Naturally, this kind of apparent militant upsurge, at such a sensitive time for the U.S.-led peace negotiations, provokes a series of pressing questions. Following the Camp David negotiations in 2000, when Arafat found himself backed into a negotiating corner, he made his escape route, in part, by triggering the Palestinian terror war that became the second intifada. As much as Mahmoud Abbas looks less and less pleased to be part of the negotiating process, it is doubtful that he would resort to directly initiating terror as an exit strategy. Though it should be noted that both during this round of negotiations and all the more so during the brief round of negotiations in 2010, there was a measurable upsurge in terror against Israelis.

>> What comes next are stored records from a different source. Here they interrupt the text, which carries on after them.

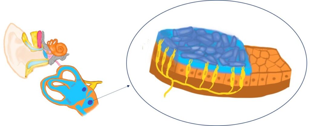 内耳には「耳石器」という平衡感覚をつかさどる器官があります。ここにある小さな石(耳石)が、何らかの原因で剥がれ落ちて三半規管の中に迷い込んでしまうと、頭を動かすたびに強いめまいが起こります。これが良性発作性頭位めまい症です。
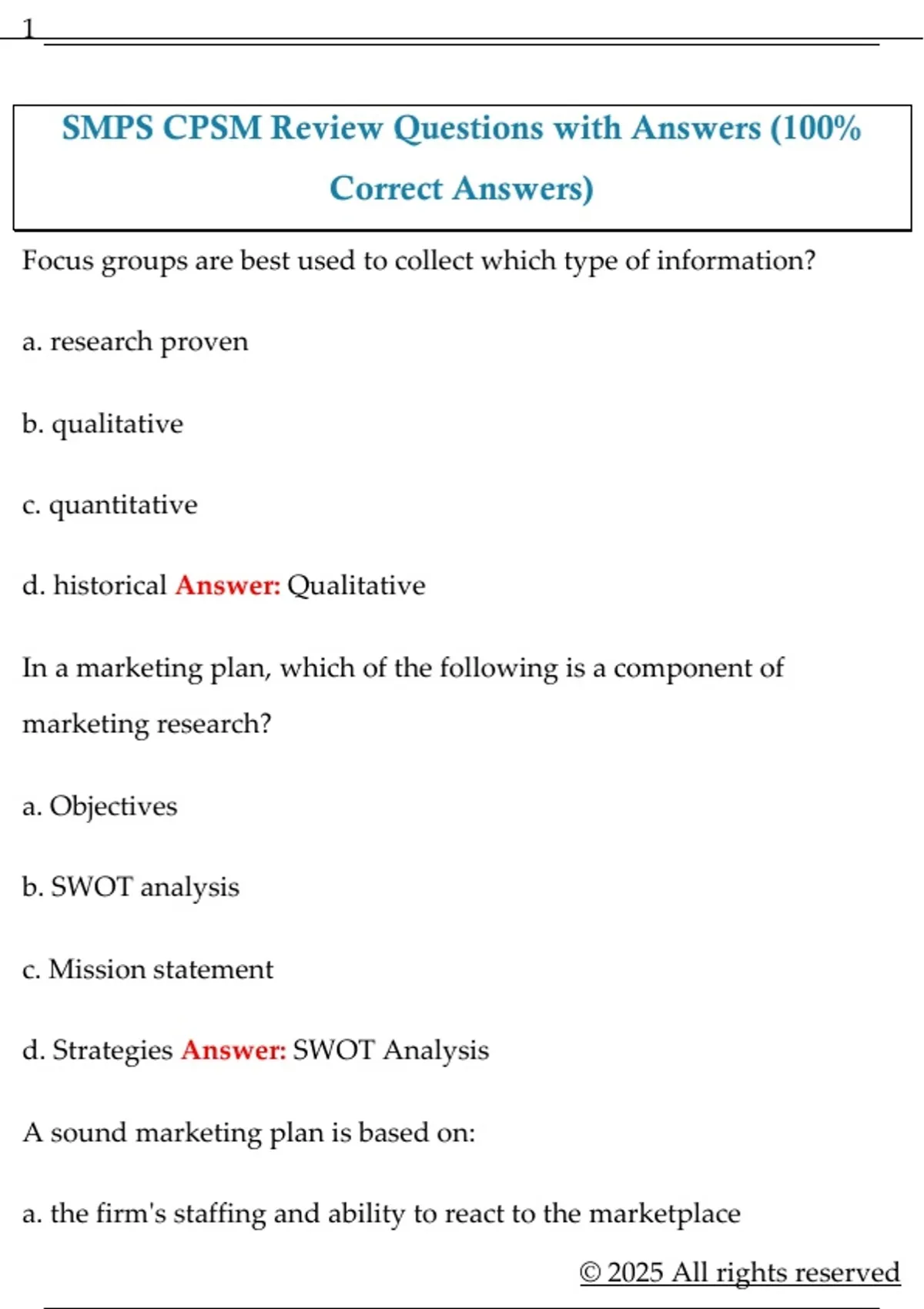 SMPS CPSM Review Questions with Answers (100% Correct Answers)
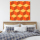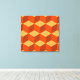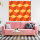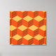 The design features an interlocking pattern of bright orange cubes. It could be seen as reminiscent of the art of M.C. Escher, but it simply uses basic geometric forms to achieve an attractive and elegant effect. It looks like an endless staircase in various shades of orange.
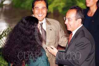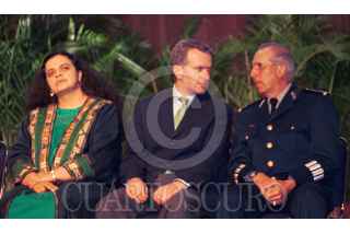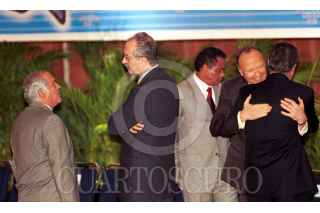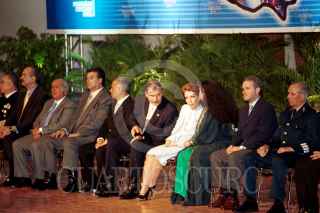 Santiago Creel Miranda, secretario de Gobernación y Ricardo García Cervantes, secretario de la Defensa dialogan mientras a su lado Beatriz Paredes escucha la intevención del presidente Vicente Fox. FOTO: Oswaldo Ramírez/CUARTOSCURO.COM
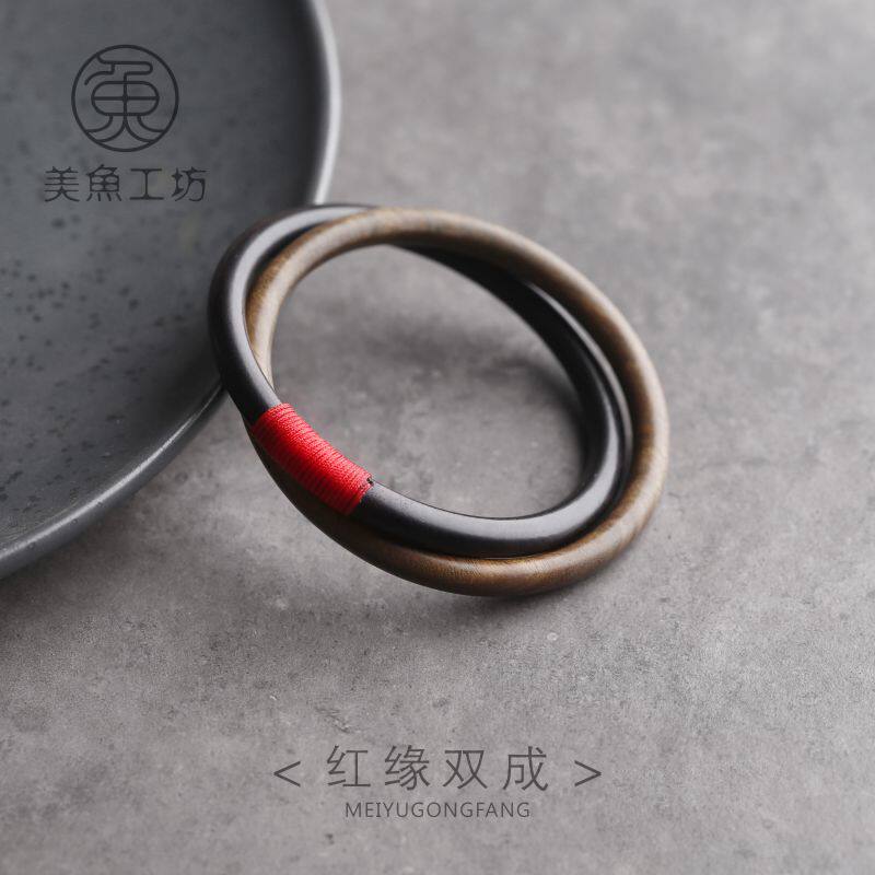 非鱼之家原创设计手工饰品 个性黑檀木手镯女 复古国风潮搭手环男
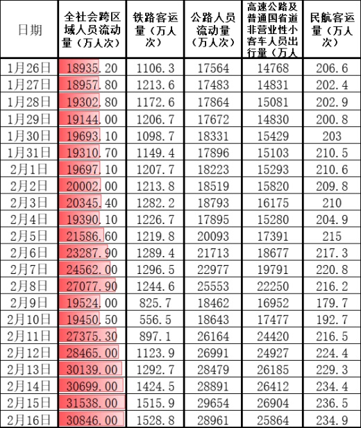 今年也不例外,截至发稿前最新发布的2月16日数据,春运前22天的详细数据已经出炉

Given the way these public displays by terror groups and their affiliates appear to now be tolerated in PA-controlled areas, it is certainly plausible that even if the PA isn’t actively instigating such activities, it may have made a decision to somewhat loosen its measures against such groups. Alternatively, this could simply be an indication of the growing weakness of the Palestinian Authority under Abbas. All of which must be taken into consideration when it comes to the current negotiations. From the start of the resumption of peace talks there have been ongoing concerns that were talks to collapse under particularly unhappy circumstances, this could trigger a new wave of Palestinian terror attacks. Equally, were the talks to lead to Israel making further territorial concessions in the West Bank, this would also be deeply concerning in light of a resurgence of Islamist groups in these areas.
To be clear, the present situation in the West Bank is far more secure and stable than in those territories Israel has withdrawn from. But given the partial control of the PA over the West Bank the situation remains mixed and the current trend does not appear to be in a promising direction.